The QPTSVR is comprised of a pair of QPPs such that each QPP determines the one of up- or down-bound function by using only one group of constraints compared with the standard SVR. Hence, the QPTSVR gives rise to two smaller-sized QPPs. As TWSVM, the QPTSVR is approximately four times faster than the SVR in theory.

3 The LPTSVR

Notice that the first term in the objective function of (5) or (6) is the sum of squared distances from the shifted function \(y=\user2{w}_1^{\top}\user2{x}+b_1+\epsilon_1\) or \(y=\user2{w}_2^{\top}\user2{x}+b_2-\epsilon_2\) to the training points. That is, the residuals between the real values and the predicted values are penalized by the square of the 2-norm, which is sensitive to the large errors. By replacing the square of the 2-norm \( \|Y-\user2{e}\epsilon_1-(A\user2{w}_1+\user2{e}b_1)\|^2_2 \) or \(\|Y+\user2{e}\epsilon_2-(A\user2{w}_2+\user2{e}b_2)\|^2_2\) in the quadratic program (5) or (6) with the 1-norm \( \|Y-\user2{e}\epsilon_1-(A\user2{w}_1+\user2{e}b_1)\|_1 \) or \(\|Y+\user2{e}\epsilon_2-(A\user2{w}_2+\user2{e}b_2)\|_1\), we obtain the LPTSVR as follows.
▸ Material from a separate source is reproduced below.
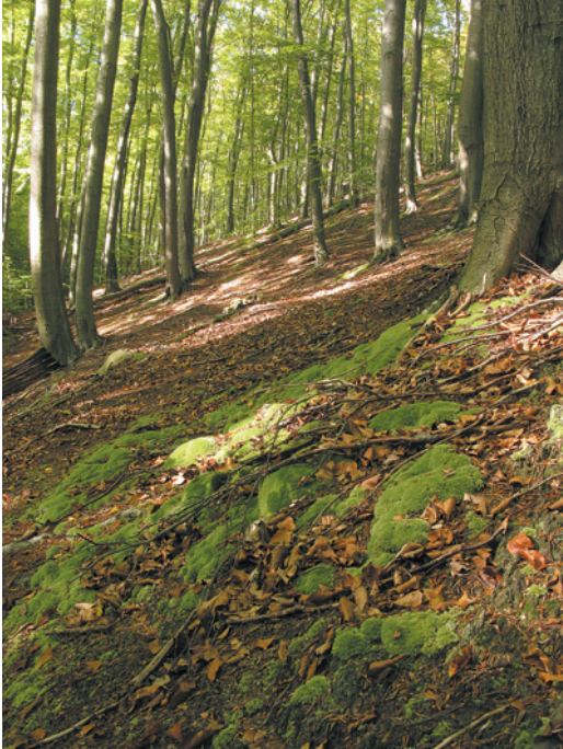
Fig. 5. Acidophilous beech forest ( Luzulo-Fagion ) – typical habitat of Lactarius rostratus , Czech Republic, Chřiby hills, Smutný žleb Nature Reserve.

Comments on distribution and ecology. According to my field observations in the Czech Republic, L. rostratus has very specific ecological requirements, which agree well with Nespiak (1968), who considers L. rostratus a characteristic species of acidophilous beech forests ( Luzulo-Fagion association). Almost all recent Czech collections come from well-preserved, near-natural or extensively managed acidophilous beech forest reserves on steep slopes at middle altitudes on substrates with a high tendency of desiccation. It has rarely been collected at higher altitudes in beech-fir forests. Two historical collections from the Czech Republic come from an oak forest and a mixed forest without the presence of beech.

$$ \begin{array}{lll} \hbox{min}&& \nu_1\user2{e}^{\top}{\varvec{\xi}}_1+\|Y-\user2{e}\epsilon_1-(A\user2{w}_1+\user2{e}b_1)\|_1\\ \hbox{s.t.} &&Y-(A\user2{w}_1+\user2{e}b_1)\geq \user2{e}\epsilon_1-{\varvec{\xi}}_1,\quad {\varvec{\xi}}_1\geq {\bf 0}, \end{array} $$
(8)
$$ \begin{array}{lll} \hbox{min}&& \nu_2\user2{e}^{\top}{\varvec{\xi}}_2+\|Y+\user2{e}\epsilon_2-(A\user2{w}_2+\user2{e}b_2)\|_1\\ \hbox{s.t.} &&(A\user2{w}_2+\user2{e}b_2)-Y\geq \user2{e}\epsilon_2-{\varvec{\xi}}_2,\quad {\varvec{\xi}}_2\geq {\bf 0}, \end{array} $$
(9)

where ν1 and ν2 > 0 are regularization parameters. The slack vector \({\varvec{\xi}}_1\) or \({\varvec{\xi}}_2\) is introduced to measure the error wherever the distance is closer than \(\epsilon_1\) or \(\epsilon_2\).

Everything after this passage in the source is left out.